McDermott shared he thinks there should be some capital requirements, to ensure things stay solvent.
City Attorney Bill Hunt first clarified the RFP was just an option, but one the commissioners were looking to pursue. He also commended them for getting help in writing it up.
“This is still just an option, but the way you are looking to go, correct? I think it was wise to get expertise in this matter,” said Hunt.
Hunt questioned what the service area referred to in the RFP consisted of and was advised Toole, Glacier and Liberty counties. Hunt stated he would like to see it better defined in the RFP, as it’s fairly vague. He also shared that he would like to see the board comprised of mainly Toole County residents. He also questioned the mills currently being paid towards the hospital and what would happen with them.
“When the 10 mills are paid off the county will be relieved of that,” said Pehan. “The community board will have veto power and can stop any actions they don’t agree with. The board will be selected by the commissioners and will serve for a 10-year period.”
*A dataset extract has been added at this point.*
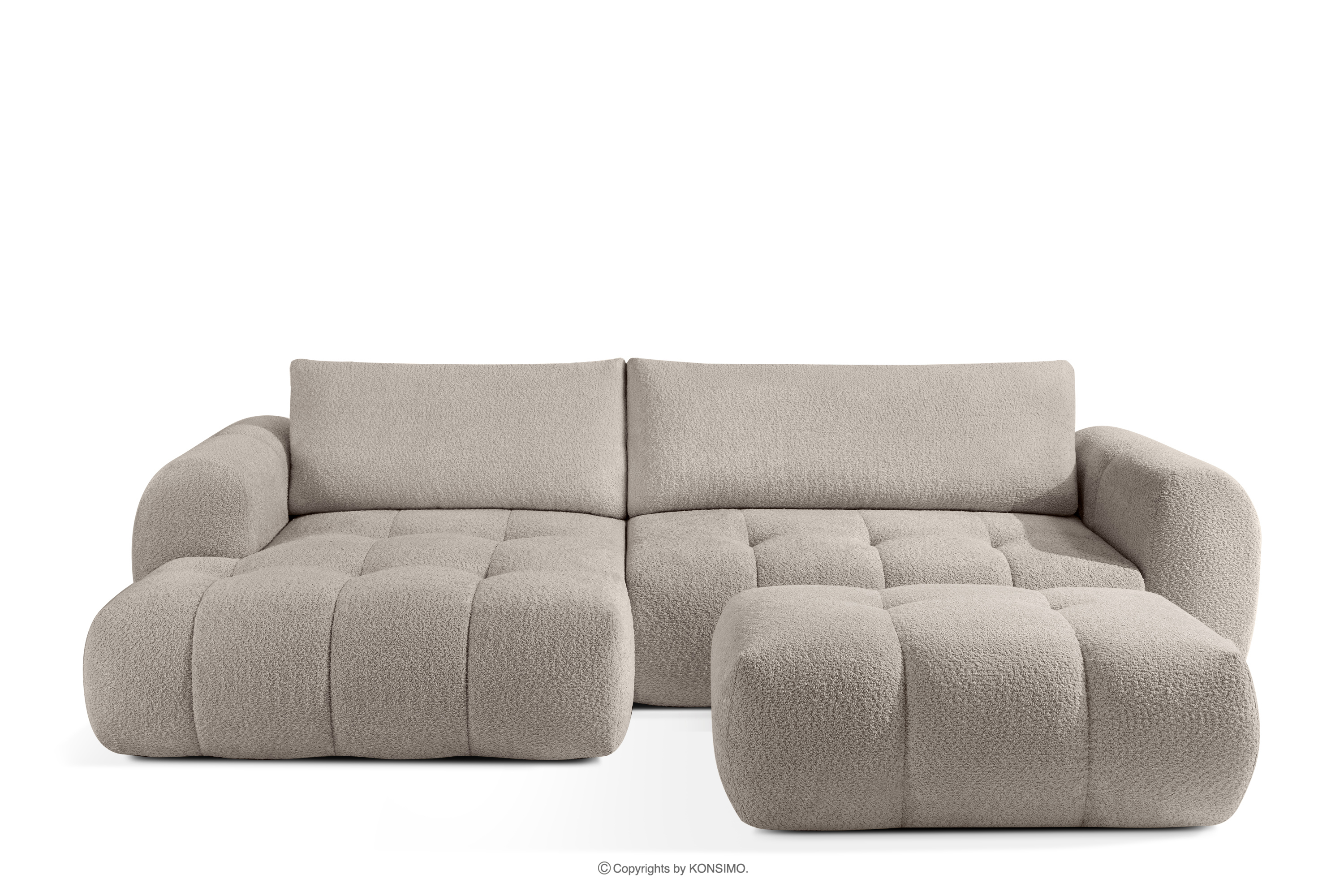 LIRA zobacz całą kolekcję Narożnik lewy i puf w tkaninie boucle szary- kolor szary

Hunt questioned what happened if a board member could not serve the entire 10 years and was informed that a new member would then be chosen, by the commissioners and board members.
“Okay, good. The new entity should not have a say,” said Hunt before sitting back down.
Val Hardy then took a turn at the microphone. Hardy demanded to know who wrote the RFP and was told there was legal help and experts hired to help write the proposal.
“No one with money is going to take over a losing battle,” said Hardy irately. “You had someone offer to take over and do for free. How do you afford to pay $400,000 a year to Keifer? You work for us! No one is going to come in and dump money into this.”
“We all want to sustain the hospital,” said Harwood. “To make it better, to keep it. We need to work together as a community. We are giving it our best shot, this is just the tip of the iceberg. We are trying to do what is best.”
“We are trying to future- proof the hospital and secure that it stays,” added Marias Medical Center CEO William Kiefer. “There are interested entities and it is our due diligence to listen to the proposals. There will be public meetings to hear the proposals. We want to see it through and see what we get. The RFP is to protect the community, that’s why we are getting input, so we can make sure it covers all.”
With no other public comments being made the commissioners thanked everyone for attending and advised that future public meetings would be taking place and notices would be published in the Promoter and advertised on KSEN.
A copy of the RFP is available to the public in the Clerk and Recorder’s office at the courthouse and online.